▸ **Extracted data**
[Start of section]

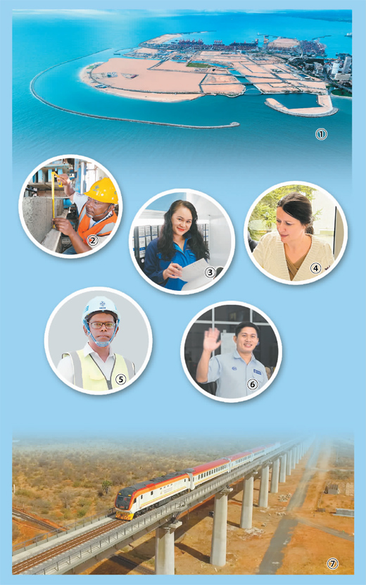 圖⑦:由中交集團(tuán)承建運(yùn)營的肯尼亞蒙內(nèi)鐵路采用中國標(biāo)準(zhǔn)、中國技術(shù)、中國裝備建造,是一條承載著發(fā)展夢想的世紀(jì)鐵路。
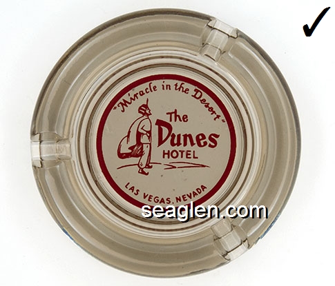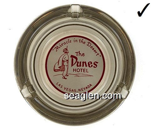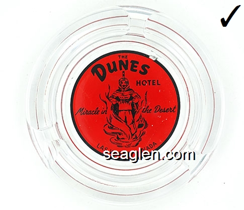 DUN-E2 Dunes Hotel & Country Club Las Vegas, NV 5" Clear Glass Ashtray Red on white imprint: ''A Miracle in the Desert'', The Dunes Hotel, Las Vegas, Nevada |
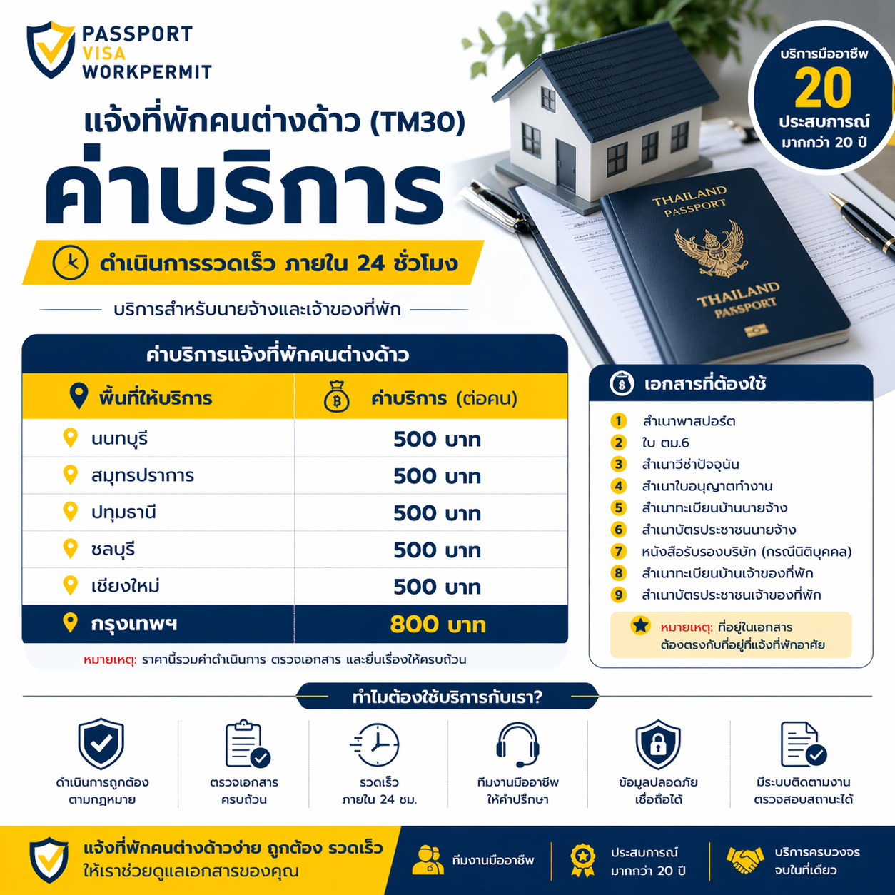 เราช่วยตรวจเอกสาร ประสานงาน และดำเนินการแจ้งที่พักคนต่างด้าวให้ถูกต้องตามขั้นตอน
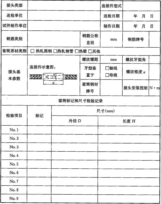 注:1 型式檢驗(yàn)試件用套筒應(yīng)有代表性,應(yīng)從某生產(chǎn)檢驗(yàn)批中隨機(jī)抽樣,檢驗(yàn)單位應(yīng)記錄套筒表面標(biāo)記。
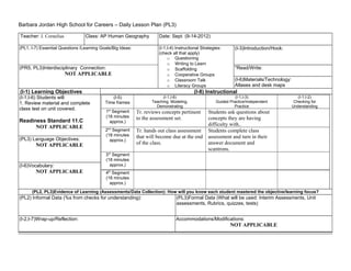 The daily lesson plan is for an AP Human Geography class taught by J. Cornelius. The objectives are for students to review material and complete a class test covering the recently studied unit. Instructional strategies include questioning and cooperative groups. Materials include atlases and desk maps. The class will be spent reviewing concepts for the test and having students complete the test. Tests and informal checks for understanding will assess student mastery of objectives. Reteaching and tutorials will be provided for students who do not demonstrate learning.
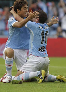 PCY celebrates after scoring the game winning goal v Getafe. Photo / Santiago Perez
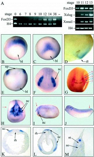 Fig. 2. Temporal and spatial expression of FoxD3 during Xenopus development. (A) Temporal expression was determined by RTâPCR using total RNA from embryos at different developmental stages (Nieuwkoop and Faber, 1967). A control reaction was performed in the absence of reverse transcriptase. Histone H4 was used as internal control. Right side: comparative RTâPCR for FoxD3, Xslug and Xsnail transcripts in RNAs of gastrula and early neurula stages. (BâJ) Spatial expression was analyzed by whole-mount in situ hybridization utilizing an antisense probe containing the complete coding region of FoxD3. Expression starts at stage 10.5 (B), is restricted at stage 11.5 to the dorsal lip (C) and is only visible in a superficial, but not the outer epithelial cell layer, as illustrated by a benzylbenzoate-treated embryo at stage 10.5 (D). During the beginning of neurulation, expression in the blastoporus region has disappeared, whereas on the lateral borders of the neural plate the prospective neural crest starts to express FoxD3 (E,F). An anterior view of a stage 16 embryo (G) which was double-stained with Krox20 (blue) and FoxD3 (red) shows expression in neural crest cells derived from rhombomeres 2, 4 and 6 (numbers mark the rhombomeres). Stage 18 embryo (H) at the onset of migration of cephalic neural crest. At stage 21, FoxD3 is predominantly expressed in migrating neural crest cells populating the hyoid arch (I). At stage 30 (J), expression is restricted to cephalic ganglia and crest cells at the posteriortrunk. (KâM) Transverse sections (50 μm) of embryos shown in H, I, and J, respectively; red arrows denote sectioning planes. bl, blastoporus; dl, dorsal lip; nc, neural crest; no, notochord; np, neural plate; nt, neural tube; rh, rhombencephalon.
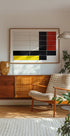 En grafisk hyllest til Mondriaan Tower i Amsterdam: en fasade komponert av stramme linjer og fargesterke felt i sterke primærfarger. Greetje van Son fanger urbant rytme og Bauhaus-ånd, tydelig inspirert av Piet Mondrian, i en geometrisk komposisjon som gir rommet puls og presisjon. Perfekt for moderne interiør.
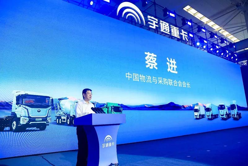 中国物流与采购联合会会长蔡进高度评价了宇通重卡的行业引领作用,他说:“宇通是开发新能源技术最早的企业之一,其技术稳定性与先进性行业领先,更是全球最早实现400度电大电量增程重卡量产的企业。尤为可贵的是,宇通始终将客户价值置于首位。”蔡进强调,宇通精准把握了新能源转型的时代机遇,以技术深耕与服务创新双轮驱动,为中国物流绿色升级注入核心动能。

[End of section]
[Start of section]

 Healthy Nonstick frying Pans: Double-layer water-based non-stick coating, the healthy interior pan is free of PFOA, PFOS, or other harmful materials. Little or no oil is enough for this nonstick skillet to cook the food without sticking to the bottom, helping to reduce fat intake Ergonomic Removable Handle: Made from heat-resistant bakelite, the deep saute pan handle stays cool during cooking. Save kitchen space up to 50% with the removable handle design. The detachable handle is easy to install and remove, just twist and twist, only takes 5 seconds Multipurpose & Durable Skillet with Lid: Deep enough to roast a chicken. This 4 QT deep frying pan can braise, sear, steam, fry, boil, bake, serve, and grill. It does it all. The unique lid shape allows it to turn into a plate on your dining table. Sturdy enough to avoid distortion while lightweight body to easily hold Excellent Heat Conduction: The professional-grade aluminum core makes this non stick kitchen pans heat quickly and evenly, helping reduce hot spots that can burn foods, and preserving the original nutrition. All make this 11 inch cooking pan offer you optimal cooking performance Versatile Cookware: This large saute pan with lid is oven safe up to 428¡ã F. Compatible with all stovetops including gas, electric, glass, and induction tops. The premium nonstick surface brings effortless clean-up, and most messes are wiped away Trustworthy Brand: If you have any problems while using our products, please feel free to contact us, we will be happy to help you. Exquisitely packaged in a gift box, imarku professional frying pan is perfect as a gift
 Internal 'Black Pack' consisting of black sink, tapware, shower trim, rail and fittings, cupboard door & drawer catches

[End of section]
[Start of section]

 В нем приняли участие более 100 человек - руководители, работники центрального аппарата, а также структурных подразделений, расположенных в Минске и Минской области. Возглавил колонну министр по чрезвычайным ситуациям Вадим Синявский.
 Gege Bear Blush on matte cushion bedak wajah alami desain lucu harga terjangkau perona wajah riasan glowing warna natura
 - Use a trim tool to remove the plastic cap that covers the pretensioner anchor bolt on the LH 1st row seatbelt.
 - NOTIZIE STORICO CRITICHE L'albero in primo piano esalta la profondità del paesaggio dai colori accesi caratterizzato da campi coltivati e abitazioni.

[End of section]

▸ **Task to carry out**
Above are some records; extract exactly the lines from the one containing "Fig. 2. Temporal" through the one containing "En grafisk hyllest" and drop the pictures.

▸ **Solution**
 Fig. 2. Temporal and spatial expression of FoxD3 during Xenopus development. (A) Temporal expression was determined by RTâPCR using total RNA from embryos at different developmental stages (Nieuwkoop and Faber, 1967). A control reaction was performed in the absence of reverse transcriptase. Histone H4 was used as internal control. Right side: comparative RTâPCR for FoxD3, Xslug and Xsnail transcripts in RNAs of gastrula and early neurula stages. (BâJ) Spatial expression was analyzed by whole-mount in situ hybridization utilizing an antisense probe containing the complete coding region of FoxD3. Expression starts at stage 10.5 (B), is restricted at stage 11.5 to the dorsal lip (C) and is only visible in a superficial, but not the outer epithelial cell layer, as illustrated by a benzylbenzoate-treated embryo at stage 10.5 (D). During the beginning of neurulation, expression in the blastoporus region has disappeared, whereas on the lateral borders of the neural plate the prospective neural crest starts to express FoxD3 (E,F). An anterior view of a stage 16 embryo (G) which was double-stained with Krox20 (blue) and FoxD3 (red) shows expression in neural crest cells derived from rhombomeres 2, 4 and 6 (numbers mark the rhombomeres). Stage 18 embryo (H) at the onset of migration of cephalic neural crest. At stage 21, FoxD3 is predominantly expressed in migrating neural crest cells populating the hyoid arch (I). At stage 30 (J), expression is restricted to cephalic ganglia and crest cells at the posteriortrunk. (KâM) Transverse sections (50 μm) of embryos shown in H, I, and J, respectively; red arrows denote sectioning planes. bl, blastoporus; dl, dorsal lip; nc, neural crest; no, notochord; np, neural plate; nt, neural tube; rh, rhombencephalon.
 En grafisk hyllest til Mondriaan Tower i Amsterdam: en fasade komponert av stramme linjer og fargesterke felt i sterke primærfarger. Greetje van Son fanger urbant rytme og Bauhaus-ånd, tydelig inspirert av Piet Mondrian, i en geometrisk komposisjon som gir rommet puls og presisjon. Perfekt for moderne interiør.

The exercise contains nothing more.